Facebook. A company that everyone that loves to hate. Because people don’t like The Zucc. Or worried about Facebook questionable handling of data. Facebook normally uses AI to promote content to people’s newsfeed. Where content can be shared to users most likely to read. In the west, this has led to some issues. Where people accuse Facebook of promoting polarising and inflammatory content to their user base. Also sharing misinformation. A less talked about topic but much more serious is Facebook in Myanmar. To give context Myanmar has gone through a strong wave of violence. In which the Rohingya Muslims are being kicked out of the country. The reason why Facebook relates to this. Most Burmese use Facebook. And Facebook has been a platform to promote hate speech in Myanmar. Leading to more violence.
These are the unintended consequences of having a machine learning model. They are many questions relating to Facebook. Like Facebook outsourcing moderating of content. With moderators, not understanding Burmese. Moderators with low-pay or lack of incentives to deal with bad posts correctly. This could happen if the machine learning model has no regulations.
This is a very nuanced issue. Because in the west (America). That it’s an issue of free speech vs speech with consequences. And in the west, Facebook is not helping promote violence. But less serious like data privacy violations. Or promoting partisan content. Even if the partisan/polarising content, It still more nuanced. As there is research saying that social media may not be the sole factor. And it may be mainly an older generation thing. As in America, the cable news network normally promotes the narrative. And promote their content into social media.

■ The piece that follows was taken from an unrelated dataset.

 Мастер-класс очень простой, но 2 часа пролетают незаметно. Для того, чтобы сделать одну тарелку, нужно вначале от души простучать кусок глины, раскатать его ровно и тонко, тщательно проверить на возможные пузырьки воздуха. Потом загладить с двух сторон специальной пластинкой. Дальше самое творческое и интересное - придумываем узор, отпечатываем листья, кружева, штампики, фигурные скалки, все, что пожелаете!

Amazon had to scrap an AI used for employing new people. As it was found out it was discriminating against women and people of colour. Obviously, the developers did not intentionally do this. But AI learned from the training data that the people that amazon wanted tended to be white and male. Which is not a fair algorithm. As it does not give people an equal chance.

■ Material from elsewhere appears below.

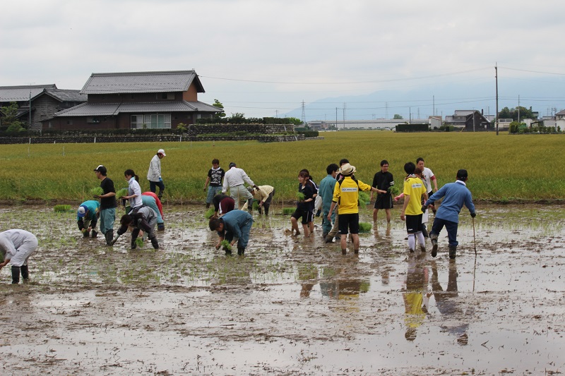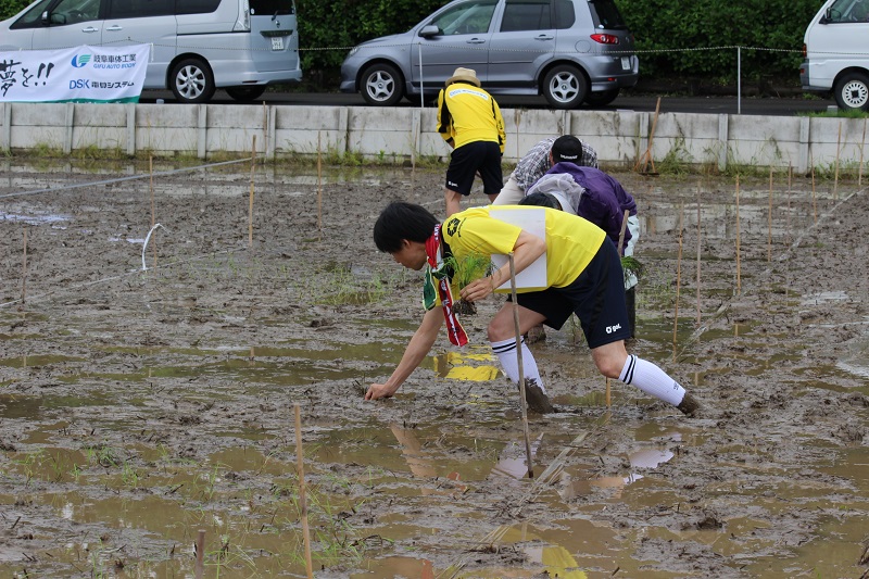近くにお住まいの方やファン・サポーターの皆さんと、ぬかるむ田んぼで四苦八苦しながら植えていきます!途中の休憩では輪之内町オリジナルの美味しい「おからドーナッツ」を、近くにお住まいの方やファン・サポーターの皆さんといただきました。
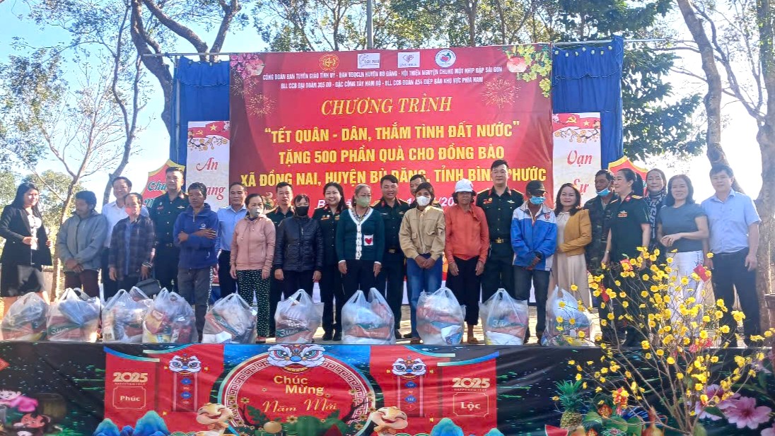 (QK7 Online) - Ngày 19/1, Công đoàn Ban Tuyên giáo Tỉnh ủy Bình Phước, Ban Vận động quần chúng liên ngành huyện Bù Đăng; Đảng uỷ, HĐND, UBND, UBMTTQ xã Đồng Nai tổ chức chương trình “Tết quân dân, thắm tình đất nước” tại xã Đồng Nai, huyện Bù Đăng, tỉnh Bình Phước.

Or another example from Facebook(also including, other social media companies). In which disinformation is shared with the user base. Real-life consequences are felt. The famous case of anti-vaxxers in which parents denying their child vaccination as they think it's harmful. This leads to numerous areas having measles outbreaks. Something that was supposed to be eradicated. Recently disinformation about the coronavirus is getting popular. Leading to people ignoring their local health guidelines. But like I mentioned earlier this is a very nuanced take. People saying that the coronavirus is fake or causes 5G. Have a good case on getting banned. But people talking about incoming science or areas that it’s not clear. Make it hard for tech companies to do a blanket ban. For example, at the beginning of the pandemic, the science of face masks was underwhelming. But later as the pandemic went on more research started saying masks are an effective way to deal with the virus. Before face masks got popular, they were people still promoting them. Should those people get banned?
This shows the problem of regulating speech on social media platforms. And these are the philosophy and moral problems. If you solved all these issues overnight and got an AI correctly identifying problematic speech. And worked 99% of the time, you will still have problems due to the law of large numbers. If you have to scan hundreds of millions of content. You have a couple of thousand that can be wrong. So, when dealing a huge amount of data it is extra difficult. And with AI, it tends to be a black box. As we know the inputs and the outputs. But we don’t know how the machine learning model chose that decision. This is the growing field called interpretable AI. So, we have an idea of why a machine learning model makes a decision.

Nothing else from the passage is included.